What to do :: Pictures stay out; everything else in the listing below is to be restated word for word.

Data below ::
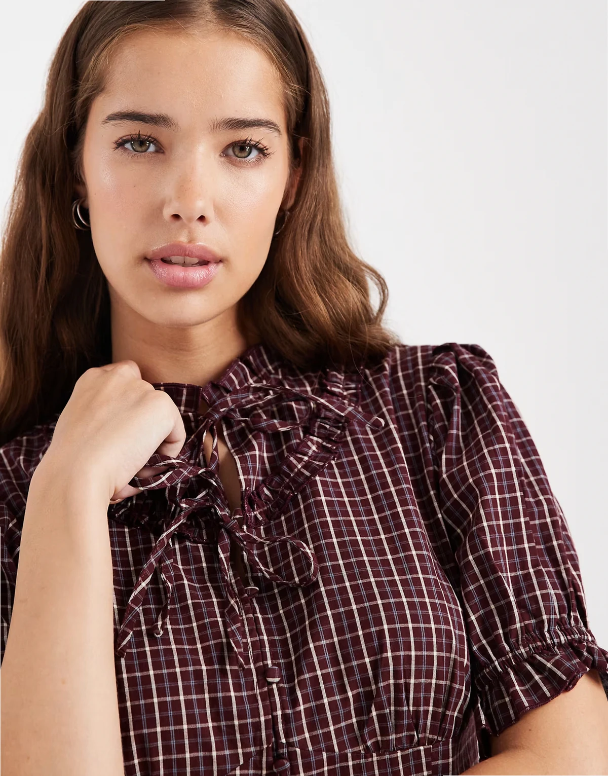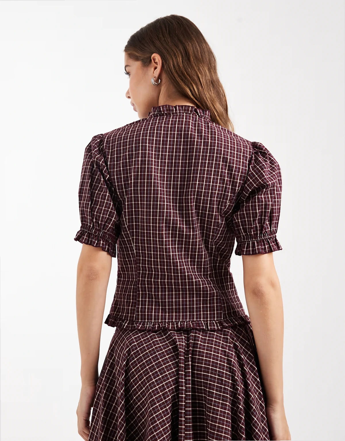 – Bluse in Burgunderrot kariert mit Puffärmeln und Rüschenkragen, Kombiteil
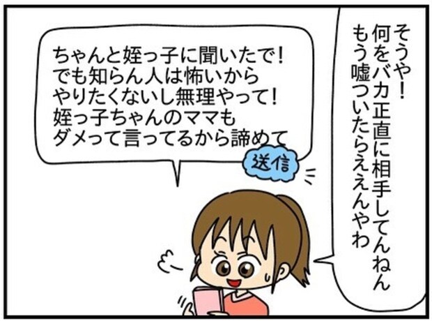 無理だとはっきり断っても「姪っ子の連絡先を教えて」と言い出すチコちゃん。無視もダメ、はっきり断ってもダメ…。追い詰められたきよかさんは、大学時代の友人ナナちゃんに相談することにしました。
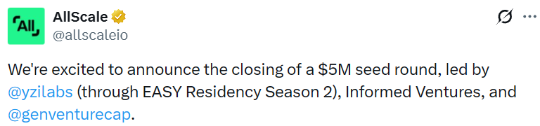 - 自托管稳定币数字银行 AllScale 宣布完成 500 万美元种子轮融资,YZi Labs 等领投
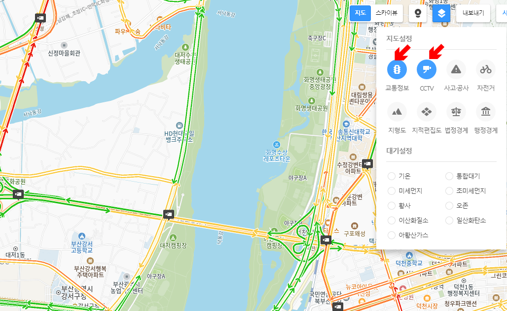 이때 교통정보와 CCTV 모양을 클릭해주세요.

Answer ::
 – Bluse in Burgunderrot kariert mit Puffärmeln und Rüschenkragen, Kombiteil
 無理だとはっきり断っても「姪っ子の連絡先を教えて」と言い出すチコちゃん。無視もダメ、はっきり断ってもダメ…。追い詰められたきよかさんは、大学時代の友人ナナちゃんに相談することにしました。
 - 自托管稳定币数字银行 AllScale 宣布完成 500 万美元种子轮融资,YZi Labs 等领投
 이때 교통정보와 CCTV 모양을 클릭해주세요.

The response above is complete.